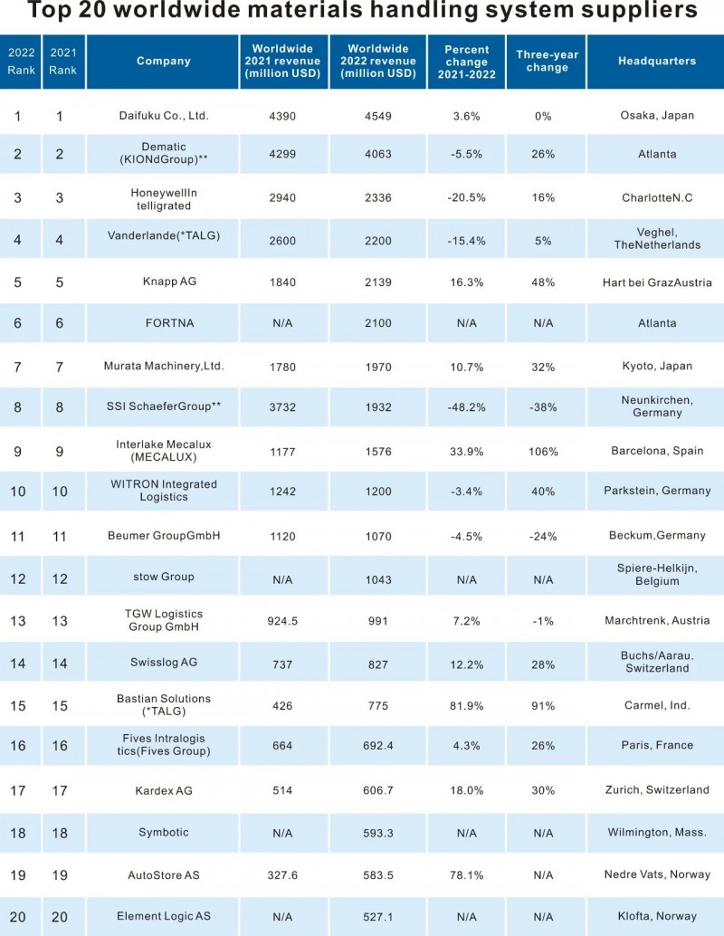 大福仍然以 45.4 億美元的年銷售額位居榜單第一,高于 2021年的  43.9 億美元收入。大福將其持續(xù)增長歸功于上一年的大量訂單積壓、對(duì)半導(dǎo)體制造商的強(qiáng)勁銷售、零售和電子商務(wù)部門系統(tǒng)的擴(kuò)展以及服務(wù)收入的提高。
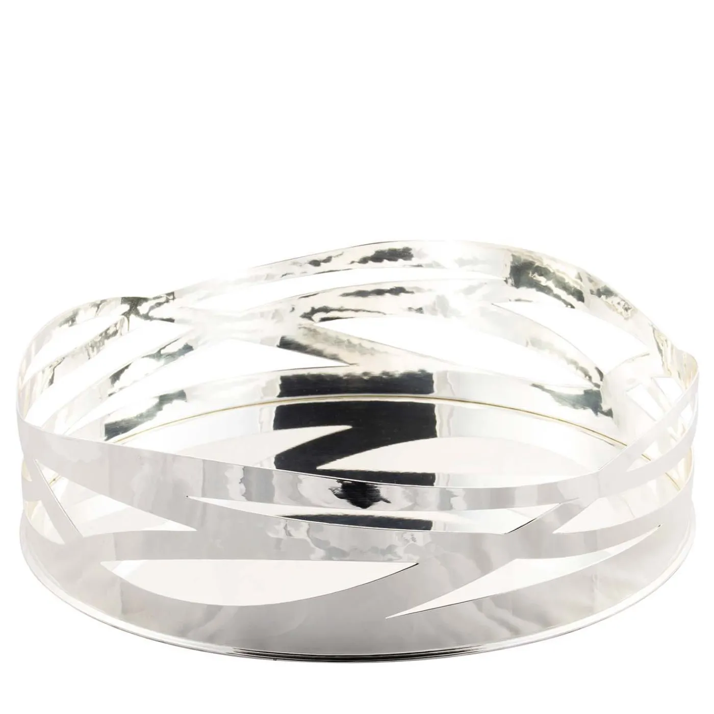 Eccezionalmente realizzato a mano, questo splendido centrotavola placcato in argento è definito da una sottile eleganza e da linee dinamiche e slanciate. Caratterizzato da una brillante lucentezza, questo centrotavola rotondo della serie Onde è placcato in argento con un bordo alto composto da una serie di strisce ondulate che formano un elegante disegno a taglio che ricorda le onde del mare. Questo pezzo squisito rivela una sensibilità moderna e una funzionalità che accrescerà il fascino di qualsiasi interno.
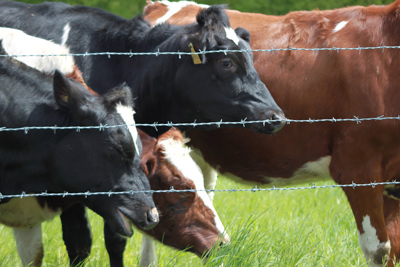 Auf der gegenüberliegenden Weide schien sich das schwarz und braunbunte Vieh tödlich zu langweilen. Sie trabten erwartungsvoll neben uns her und hofften wohl, dass wir sie mitnahmen. Doch wohin nur? |
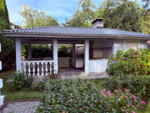 5. На участке также есть беседка с летней кухней и помещением для инвентаря . Мойка с горячей водой, казан, мангал, тандыр, электроплита. С летней мебелью.
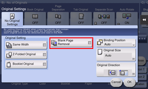 When [Blank Page Removal] is specified to scan an original including blank pages using the ADF, blank pages are excluded from scan targets. Blank pages detected are not counted as original pages.
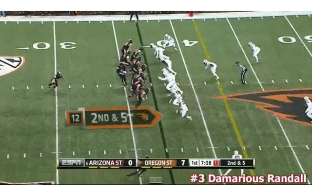With that in mind, here is the case of Damarious Randall from Arizona State. He is a Juco-transfer, who has played at Arizona State for 2 seasons. During those 2 years, he racked up a number of splash plays – 15 tackles for loss, 6 interceptions, and over 175 tackles. Those numbers are quite impressive so I looked closely at his work against Stanford, Notre Dame, and Oregon State to see what there was to see.
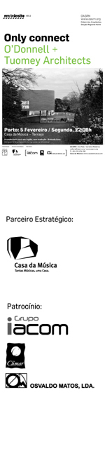Only Connect é o nome da conferência do ciclo em trânsito da dupla de arquitectos irlandeses ODonnell e Tuomey que terá lugar no próximo dia 5 de Fevereiro, Segunda-feira, às 22h00, na Casa da Música Terraço. Com entrada livre, a conferência será em inglês, sem tradução. É obrigatório o levantamento de ingressos na bilheteira da Casa da Música, disponíveis no próprio dia da conferência.
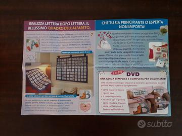 14 tagli di tela aida + 1 pannello di stoffa per confezionare il quadro alfabeto + 2 tagli già da me lavorati (rimane completo, anche se non ho proseguito con le uscite)
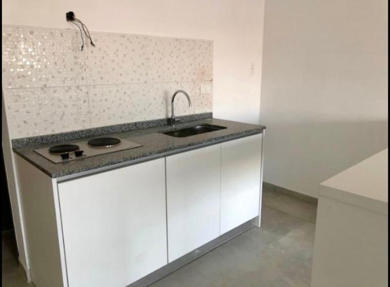 LIVING COMEDOR CON COCINA INTEGRADA, CON BARRA DIVISORIA, ANAFE, Y BAJO MESADA

·····

Each entry above must be repeated word for word, minus its images.

» **Exercise response**:
 大福仍然以 45.4 億美元的年銷售額位居榜單第一,高于 2021年的  43.9 億美元收入。大福將其持續(xù)增長歸功于上一年的大量訂單積壓、對(duì)半導(dǎo)體制造商的強(qiáng)勁銷售、零售和電子商務(wù)部門系統(tǒng)的擴(kuò)展以及服務(wù)收入的提高。
 Eccezionalmente realizzato a mano, questo splendido centrotavola placcato in argento è definito da una sottile eleganza e da linee dinamiche e slanciate. Caratterizzato da una brillante lucentezza, questo centrotavola rotondo della serie Onde è placcato in argento con un bordo alto composto da una serie di strisce ondulate che formano un elegante disegno a taglio che ricorda le onde del mare. Questo pezzo squisito rivela una sensibilità moderna e una funzionalità che accrescerà il fascino di qualsiasi interno.
 Auf der gegenüberliegenden Weide schien sich das schwarz und braunbunte Vieh tödlich zu langweilen. Sie trabten erwartungsvoll neben uns her und hofften wohl, dass wir sie mitnahmen. Doch wohin nur? |
 5. На участке также есть беседка с летней кухней и помещением для инвентаря . Мойка с горячей водой, казан, мангал, тандыр, электроплита. С летней мебелью.
 When [Blank Page Removal] is specified to scan an original including blank pages using the ADF, blank pages are excluded from scan targets. Blank pages detected are not counted as original pages.
With that in mind, here is the case of Damarious Randall from Arizona State. He is a Juco-transfer, who has played at Arizona State for 2 seasons. During those 2 years, he racked up a number of splash plays – 15 tackles for loss, 6 interceptions, and over 175 tackles. Those numbers are quite impressive so I looked closely at his work against Stanford, Notre Dame, and Oregon State to see what there was to see.
Only Connect é o nome da conferência do ciclo em trânsito da dupla de arquitectos irlandeses ODonnell e Tuomey que terá lugar no próximo dia 5 de Fevereiro, Segunda-feira, às 22h00, na Casa da Música Terraço. Com entrada livre, a conferência será em inglês, sem tradução. É obrigatório o levantamento de ingressos na bilheteira da Casa da Música, disponíveis no próprio dia da conferência.
 14 tagli di tela aida + 1 pannello di stoffa per confezionare il quadro alfabeto + 2 tagli già da me lavorati (rimane completo, anche se non ho proseguito con le uscite)
 LIVING COMEDOR CON COCINA INTEGRADA, CON BARRA DIVISORIA, ANAFE, Y BAJO MESADA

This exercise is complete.